:: EXERCISE GOAL ::
The material below holds pictures; leave them out, and copy exactly, and only, the lines from the one with "Dřevěná šatní skříň" through the last.

:: DATA EXCERPT ::
____________

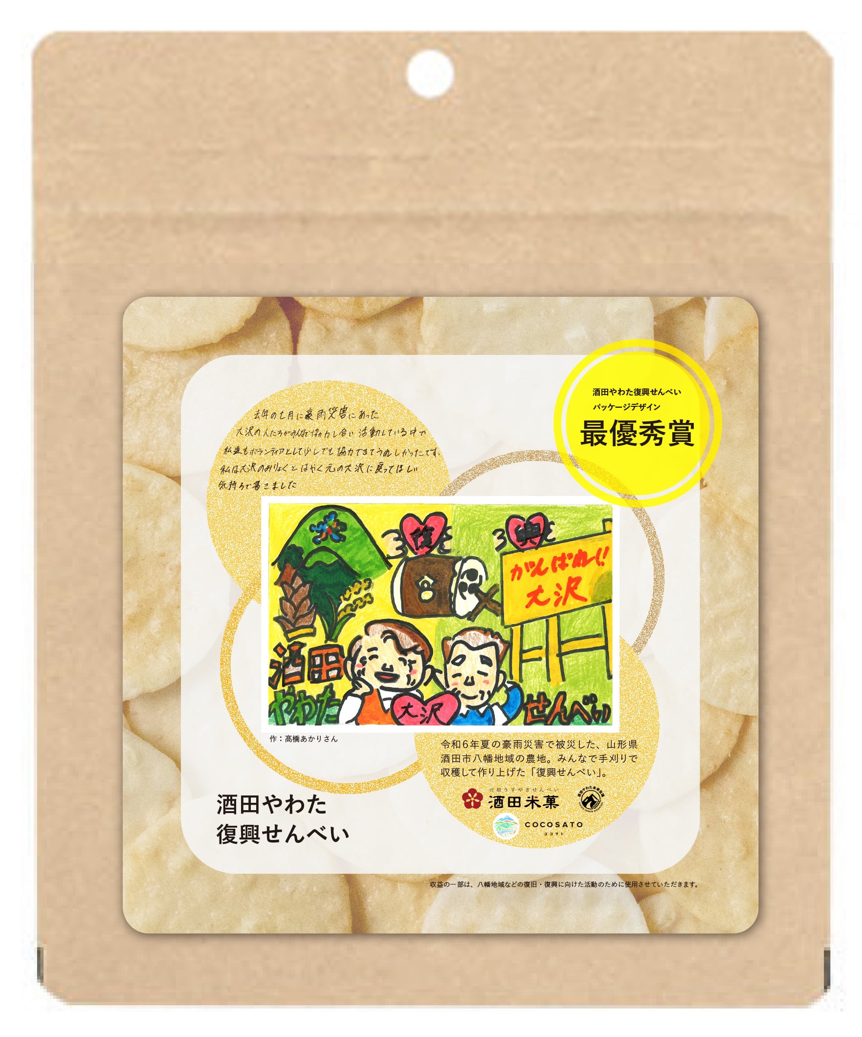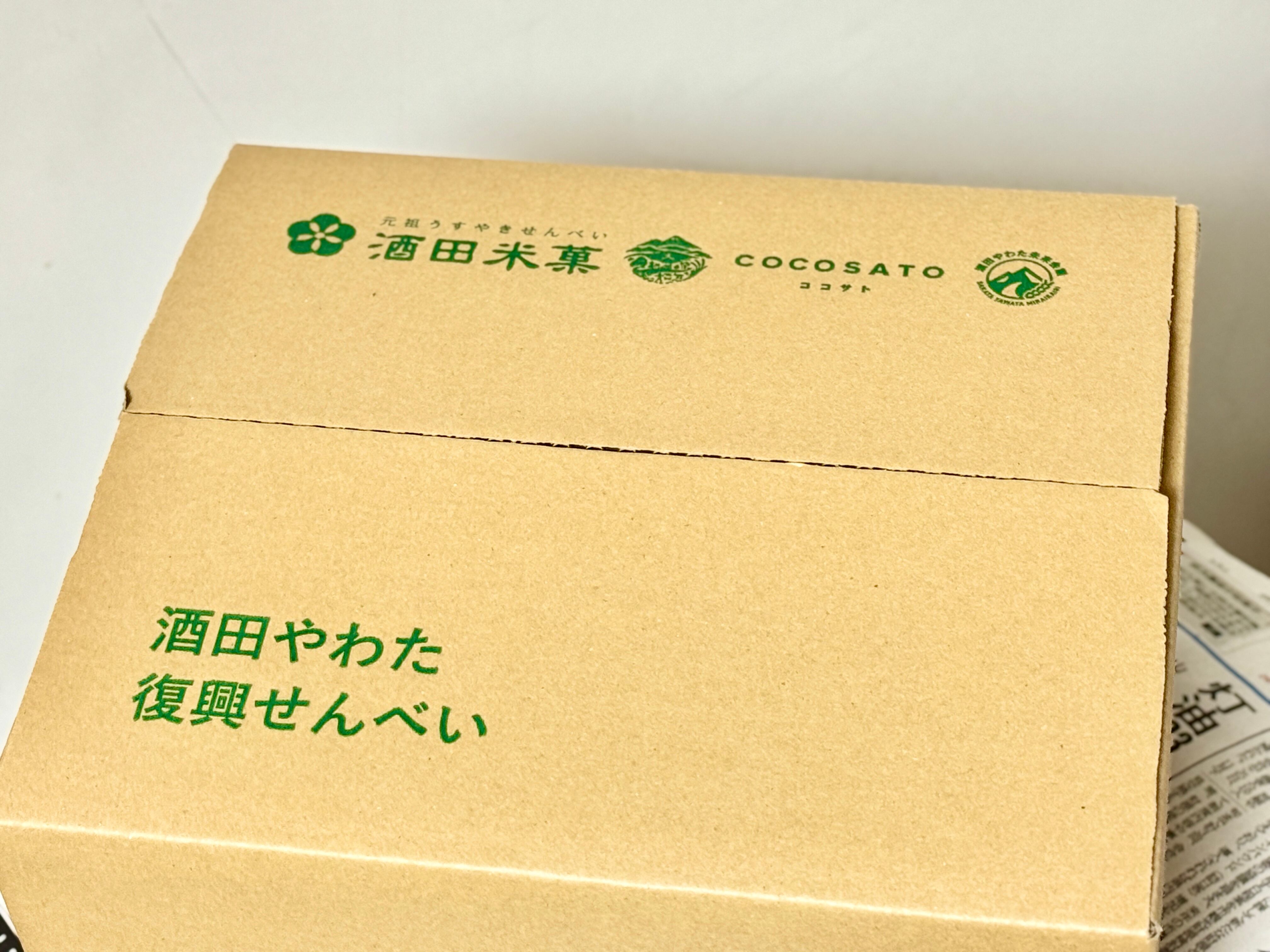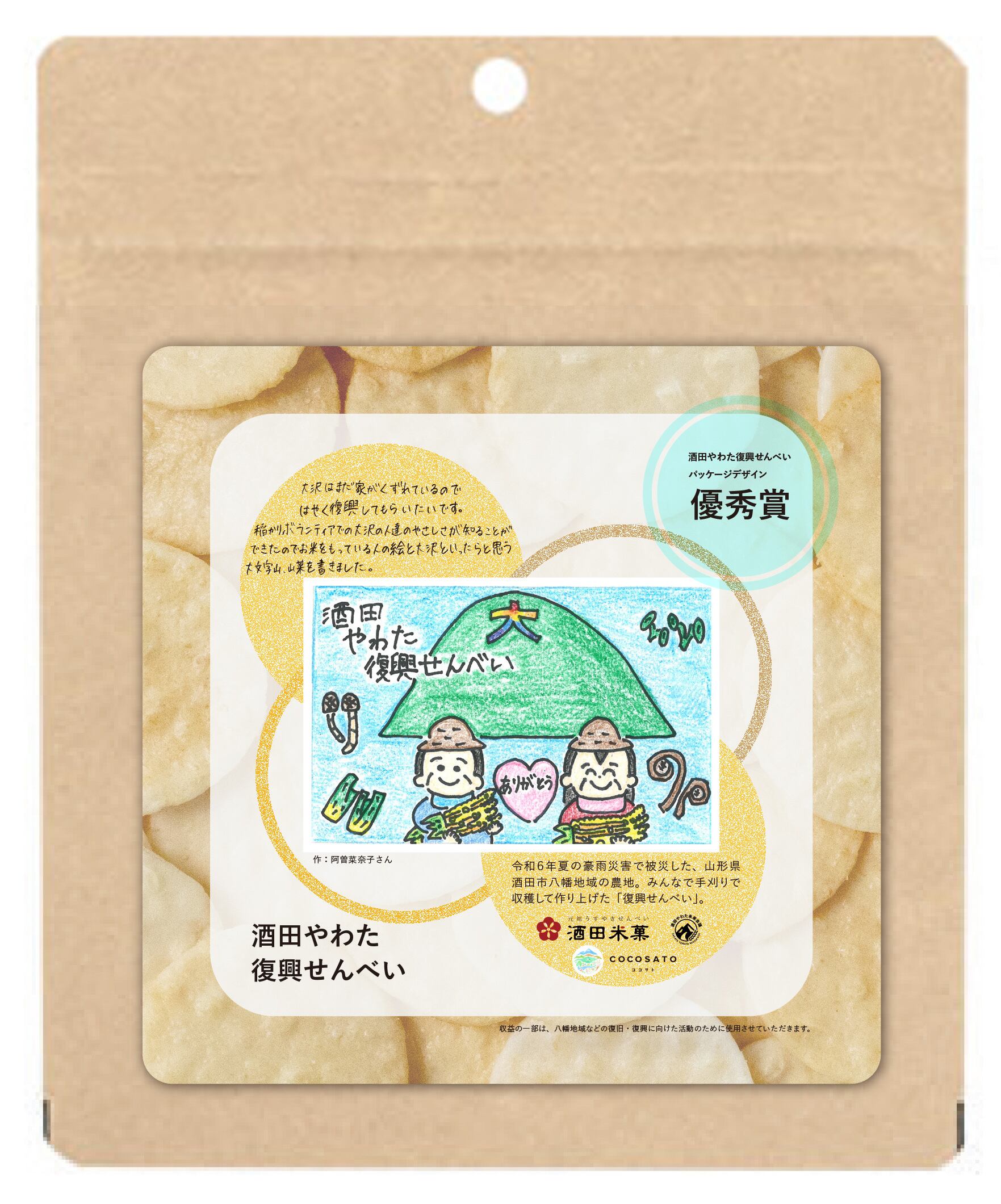 合同会社COCOSATOが企画・販売、酒田米菓株式会社 様が製造、酒田やわた未来会議がデザイン監修をし、開発しました。デザイナーは東北芸術工科大学卒業生の高橋睦丸氏が担当。塩味には、株式会社さかたの塩 様の「さかたの塩×アイアイひらたの塩」のW塩を使用。お米の籾摺りで株式会社アグレスト様にご協力いただきました。
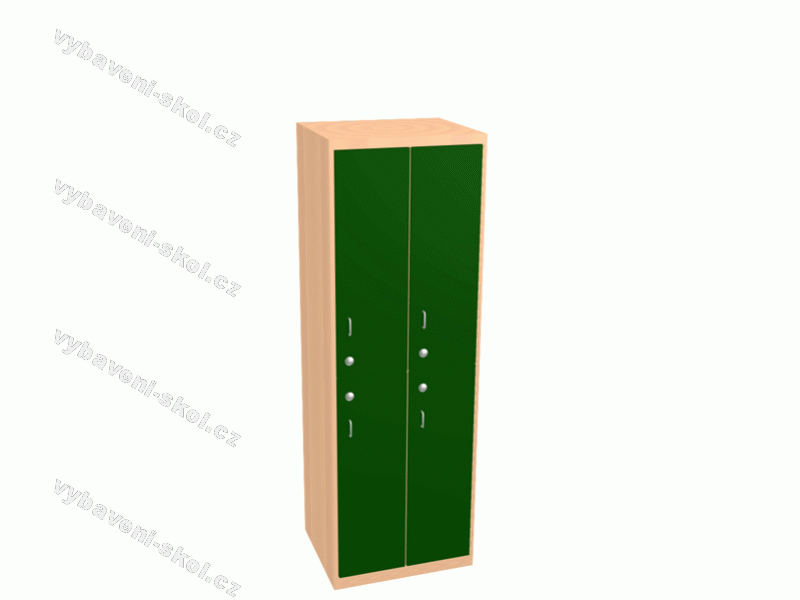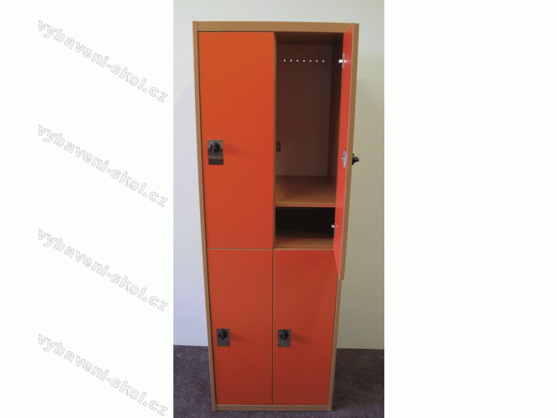 Dřevěná šatní skříň se 4 úložnými částmi je vyráběná v několika barevných variantách (viz vzorník). Kolíkově spojená konstrukce a laminované desky o dvojité síle (36 mm, půda a dno) zaručují její stabilitu. Namáhané plochy skříně jsou opatřené hranami ABS v síle 2 mm. Zadní část v bílém provedení. Spodní část skříně je ustavena na rektifikační mechanismus, který umožňuje dorovnat nerovnou podlahu až o 2 cm. Skříň s rozměry 180x60x50 cm (V x Š x H) je vybavená kvalitním kováním značky BLUM s doživotní zárukou, policí a háčkem. Typ zámků lze volit.
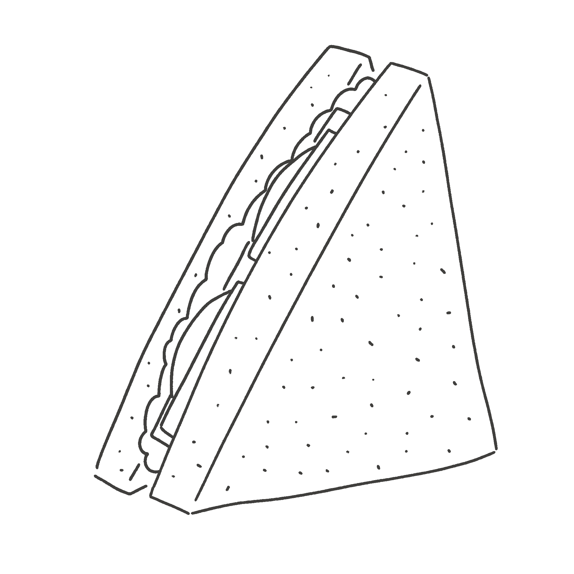 料理のレシピ紹介、パンに関するコンテンツに使える、シンプルなモノクロの線画で描かれたサンドイッチの無料イラスト素材です。

____________

:: ANSWER FOR THE TASK ::
 Dřevěná šatní skříň se 4 úložnými částmi je vyráběná v několika barevných variantách (viz vzorník). Kolíkově spojená konstrukce a laminované desky o dvojité síle (36 mm, půda a dno) zaručují její stabilitu. Namáhané plochy skříně jsou opatřené hranami ABS v síle 2 mm. Zadní část v bílém provedení. Spodní část skříně je ustavena na rektifikační mechanismus, který umožňuje dorovnat nerovnou podlahu až o 2 cm. Skříň s rozměry 180x60x50 cm (V x Š x H) je vybavená kvalitním kováním značky BLUM s doživotní zárukou, policí a háčkem. Typ zámků lze volit.
 料理のレシピ紹介、パンに関するコンテンツに使える、シンプルなモノクロの線画で描かれたサンドイッチの無料イラスト素材です。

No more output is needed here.